EXERCISE →
Transcribe only the part of the material below that begins at the line containing "Example leaderboard in" and ends at the line containing "Create holes for", with both kept and images left out.

DATA SECTION →
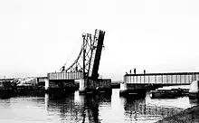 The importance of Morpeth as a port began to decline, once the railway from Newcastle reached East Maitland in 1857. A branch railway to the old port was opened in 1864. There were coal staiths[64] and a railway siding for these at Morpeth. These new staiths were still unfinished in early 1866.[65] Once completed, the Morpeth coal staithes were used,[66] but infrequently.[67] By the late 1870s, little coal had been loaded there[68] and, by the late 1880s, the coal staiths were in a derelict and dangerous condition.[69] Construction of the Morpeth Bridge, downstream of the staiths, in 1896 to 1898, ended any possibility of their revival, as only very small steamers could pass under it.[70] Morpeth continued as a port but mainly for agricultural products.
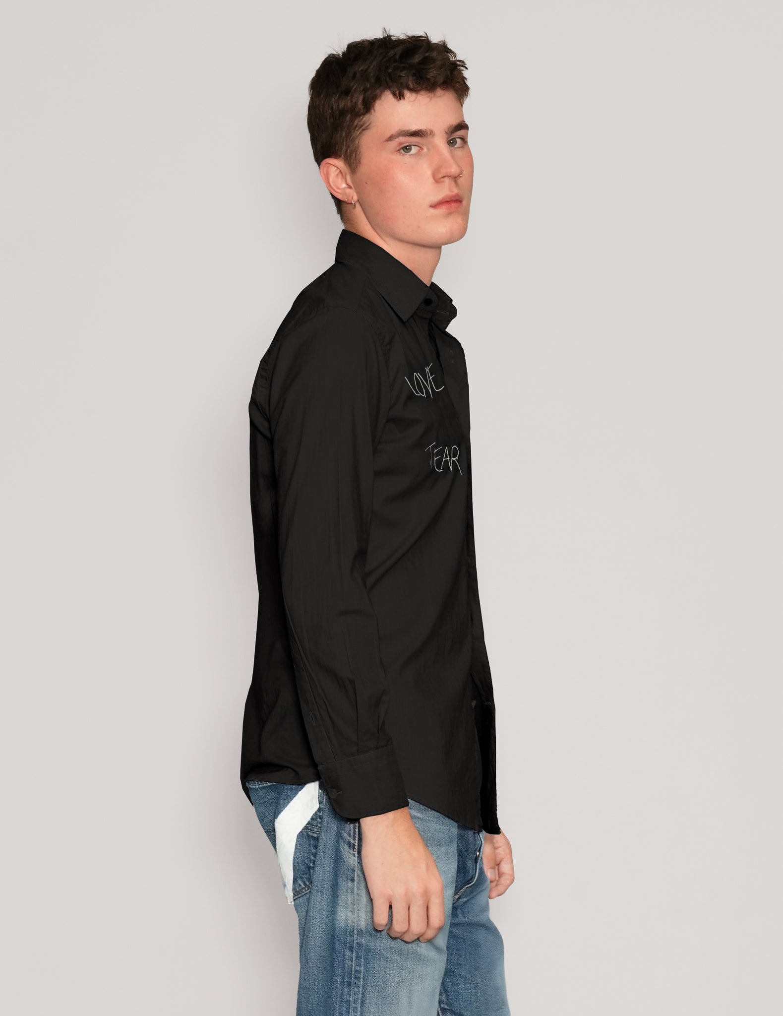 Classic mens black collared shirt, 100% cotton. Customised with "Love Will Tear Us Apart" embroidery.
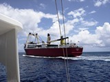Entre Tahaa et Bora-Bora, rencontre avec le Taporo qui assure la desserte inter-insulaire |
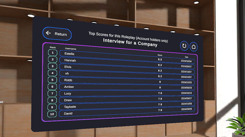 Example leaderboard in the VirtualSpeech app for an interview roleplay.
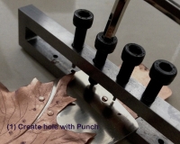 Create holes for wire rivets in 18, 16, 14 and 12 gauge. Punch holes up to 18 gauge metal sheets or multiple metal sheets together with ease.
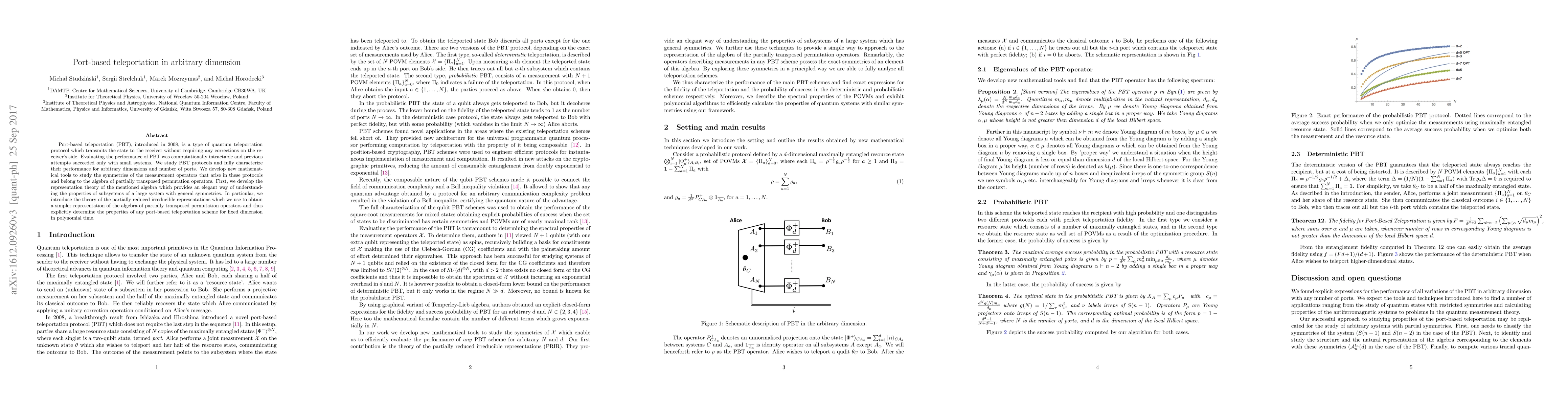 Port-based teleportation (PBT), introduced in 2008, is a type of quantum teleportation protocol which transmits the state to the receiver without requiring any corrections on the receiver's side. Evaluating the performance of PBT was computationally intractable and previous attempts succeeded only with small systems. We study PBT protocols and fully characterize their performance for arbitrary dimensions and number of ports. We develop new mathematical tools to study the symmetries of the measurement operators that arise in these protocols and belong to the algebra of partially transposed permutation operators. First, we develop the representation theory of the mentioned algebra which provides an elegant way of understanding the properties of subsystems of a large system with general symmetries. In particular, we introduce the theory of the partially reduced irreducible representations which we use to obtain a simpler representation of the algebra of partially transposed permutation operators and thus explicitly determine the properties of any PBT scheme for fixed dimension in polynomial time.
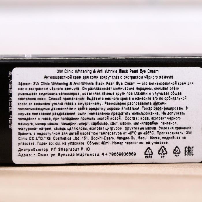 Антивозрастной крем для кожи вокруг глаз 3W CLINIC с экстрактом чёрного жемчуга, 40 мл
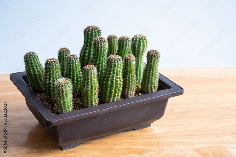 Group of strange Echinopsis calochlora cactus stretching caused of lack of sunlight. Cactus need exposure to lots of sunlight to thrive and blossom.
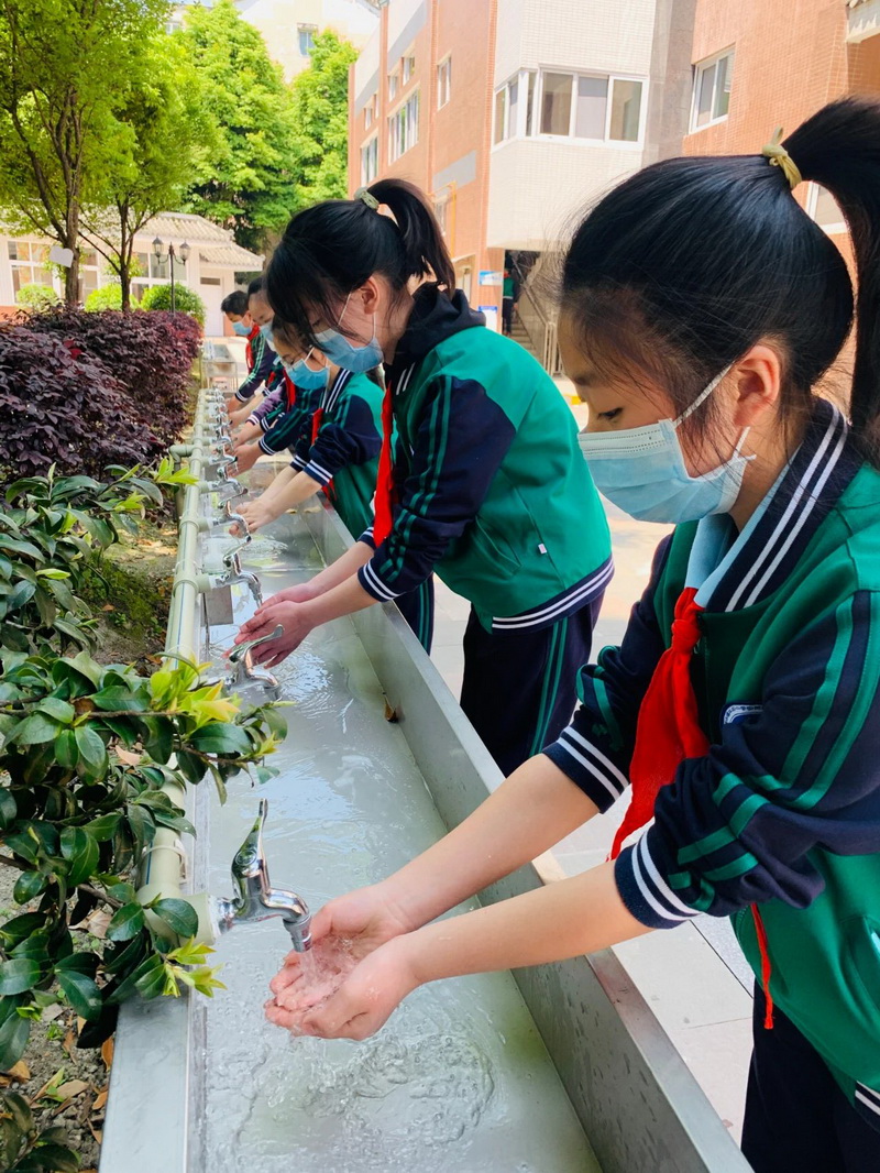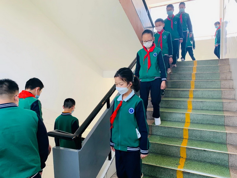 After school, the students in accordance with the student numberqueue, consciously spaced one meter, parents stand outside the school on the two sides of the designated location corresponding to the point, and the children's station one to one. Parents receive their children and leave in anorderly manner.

--

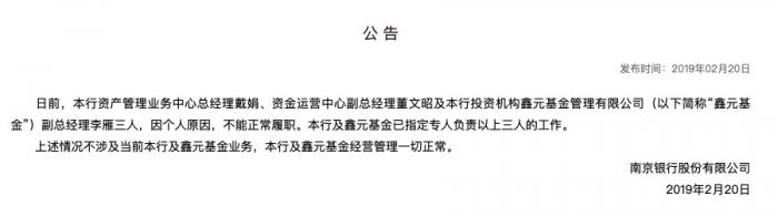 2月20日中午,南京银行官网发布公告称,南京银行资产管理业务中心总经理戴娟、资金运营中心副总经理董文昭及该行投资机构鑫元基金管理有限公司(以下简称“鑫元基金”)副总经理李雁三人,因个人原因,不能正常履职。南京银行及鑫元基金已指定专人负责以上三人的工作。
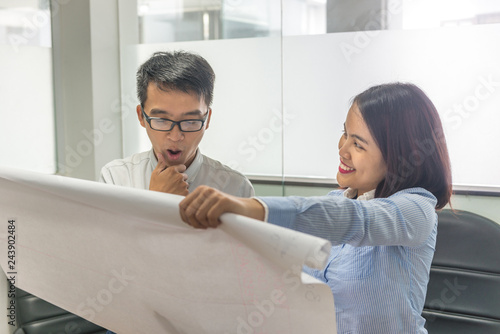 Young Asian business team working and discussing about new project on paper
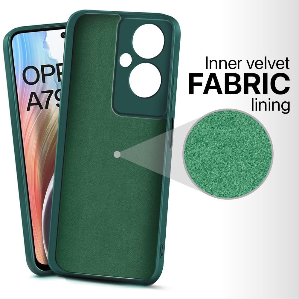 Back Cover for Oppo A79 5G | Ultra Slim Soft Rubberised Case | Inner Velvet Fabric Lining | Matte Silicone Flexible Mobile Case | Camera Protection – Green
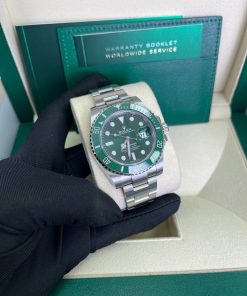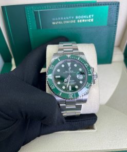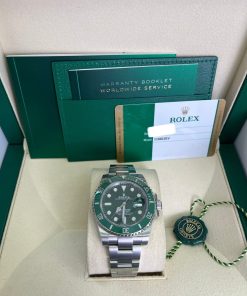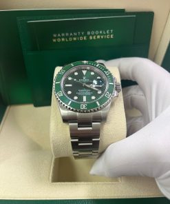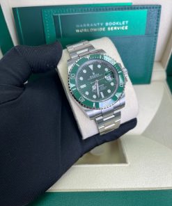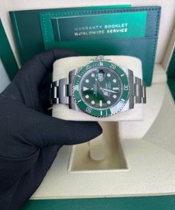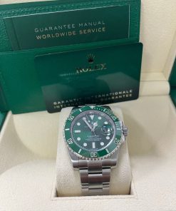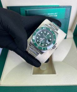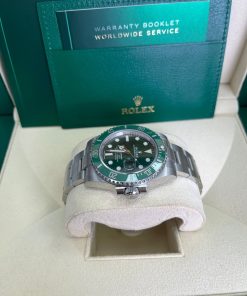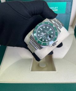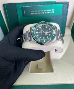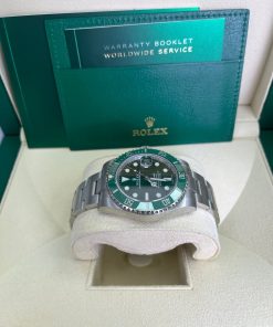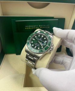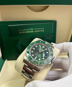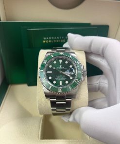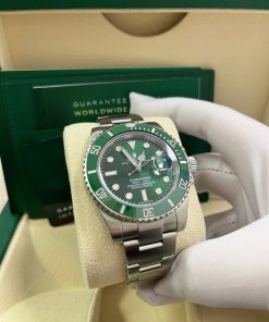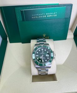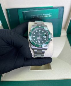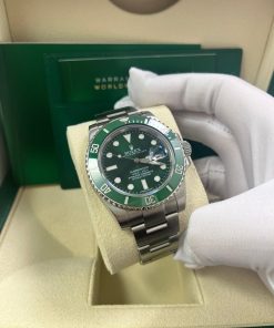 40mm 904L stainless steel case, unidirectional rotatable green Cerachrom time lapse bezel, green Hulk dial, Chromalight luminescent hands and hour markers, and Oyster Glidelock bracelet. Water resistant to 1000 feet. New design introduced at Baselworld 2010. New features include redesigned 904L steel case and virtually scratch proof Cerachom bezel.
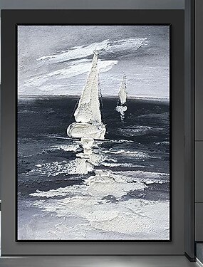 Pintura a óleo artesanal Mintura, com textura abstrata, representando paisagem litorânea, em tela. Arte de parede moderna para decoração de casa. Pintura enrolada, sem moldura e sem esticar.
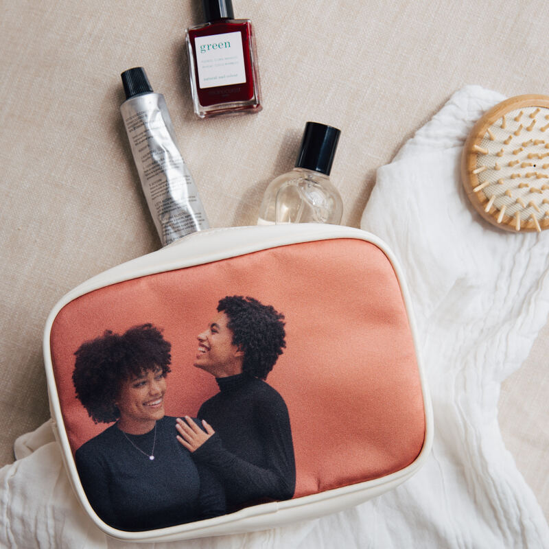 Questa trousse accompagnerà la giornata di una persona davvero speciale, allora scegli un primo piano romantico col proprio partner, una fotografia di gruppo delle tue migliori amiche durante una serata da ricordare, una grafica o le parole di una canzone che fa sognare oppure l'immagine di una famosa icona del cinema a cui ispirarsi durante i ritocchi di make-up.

--

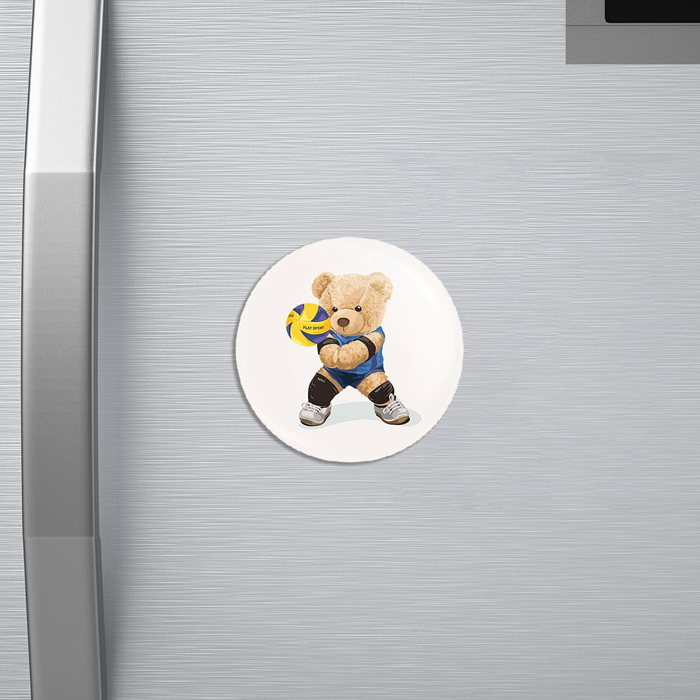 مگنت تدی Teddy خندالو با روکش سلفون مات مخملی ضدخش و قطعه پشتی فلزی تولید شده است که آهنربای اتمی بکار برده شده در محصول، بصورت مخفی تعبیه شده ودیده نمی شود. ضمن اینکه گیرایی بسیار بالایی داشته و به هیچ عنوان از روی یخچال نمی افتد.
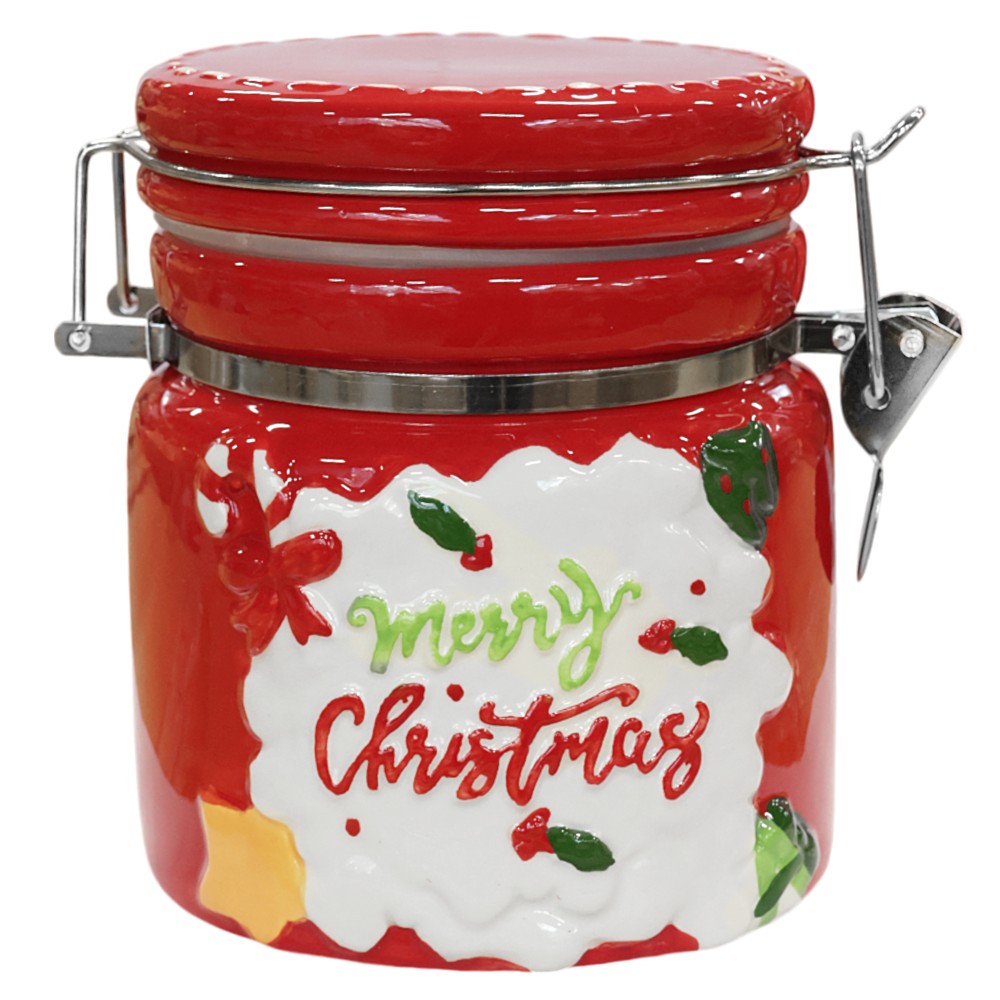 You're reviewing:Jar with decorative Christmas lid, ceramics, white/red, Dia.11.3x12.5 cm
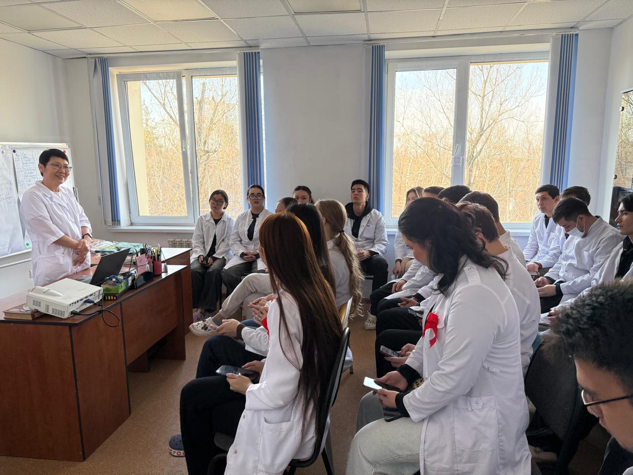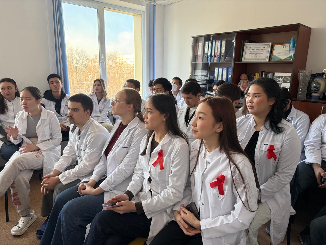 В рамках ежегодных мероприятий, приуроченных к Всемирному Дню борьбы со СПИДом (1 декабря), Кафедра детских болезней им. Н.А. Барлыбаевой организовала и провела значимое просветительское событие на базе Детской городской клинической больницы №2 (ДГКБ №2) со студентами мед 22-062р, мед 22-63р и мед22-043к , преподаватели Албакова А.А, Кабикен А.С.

EXPECTED ANSWER →
 Example leaderboard in the VirtualSpeech app for an interview roleplay.
 Create holes for wire rivets in 18, 16, 14 and 12 gauge. Punch holes up to 18 gauge metal sheets or multiple metal sheets together with ease.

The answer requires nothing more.